Saturday, November 5, 2011

Day Five - Inspiration In Strange Places

Word Count -11102

I have found inspiration in some interesting places in my thirty or so odd years of writing. I once got inspired to write  a Halloween story for a creative writing class while sitting on the toilet and staring at a package of Charmin sitting on a shelf. So I guess I really shouldn't be surprised that I found inspiration from an old country song whilst riding in a cab enroute to the doctors office. Incidentally, I am resisting the urge to rant about the injustice of cab drivers torturing riders by forcing them to listen to country music. I could go on for hours about that, but after my lunch date rant yesterday, I don't think it would be nice to subject you to two days of ranting - so I will refrain.


A couple blocks from the clinic this song comes on, a country song that for some odd reason didn't make me want to vomit violently when it was released back in 1997. "When You Say Nothing At All" by Allison Krauss and Keith Whitley

Torture Yourself At Your Own Risk

Suddenly, images start jumping into my head right and left - so fast that it was like one of those cheesy usless crap detective shows *coughUNFORGETABLEcough* where the detective has supernatural powers and everything they have ever seen flashes before their eyes just before they figure out it was professor magenta in the alley with the crack pipe.

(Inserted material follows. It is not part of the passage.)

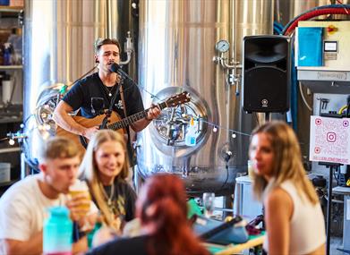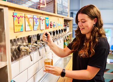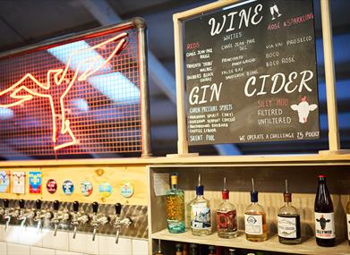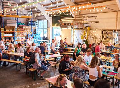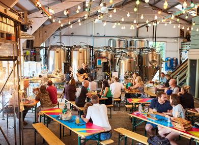 Our fun and vibrant brewery bar located overlooking our working brewery, is open 7 days a week with late hours from Thursday to Saturday. Check out our socials or website for all the latest information on our weekend food trucks, live music, special events and brewery tours. Both our bar and our shop hosts a wide range of our own tank fresh, draught and packaged beers, which are rotated seasonally with new additions popping up across the year as well as a cider, local gins and an extensive wine list. We are dog friendly, welcome children (always accompanied by an adult), and are a very refreshing pit stop for cyclists and walkers enjoying the Downs Link.

My characters came to life in my head in the most amazing way.  I saw it - a wedding in which they had been forced to participate, stuck now by decorum to dance in ugly clothes to a schmaltzy love song when - she hates him because they got drunk and slept together and she didn't know he was engaged, he doesn't remember sleeping with her but remembers he slept with someone and is now searching for her  - and oh yeah, she just found out she is pregnant. So there they are, my dysfunctional Cinderella and Prince Charming, in what could be an amazing scene.

I am picturing her hostility, the anger over the grating hypocrisy of the words of the love song, his bafflement at her hostility, the realization that being so close to her feels familiar - maybe the first step to his discovery that she is the one? Finally, a question or comment that leads to a face slap (or maybe a foot stomp)  in front of his family and all their friends, and then finally his being left to stand alone on the dance floor while she runs off into the moonlight where she has a good cry. Which she of course, blames on pregnancy hormones. Fade to Black on the bewildered Prince Charming standing in the middle of the crowded dance floor hand on his cheek - or jumping up and down - foot in hand.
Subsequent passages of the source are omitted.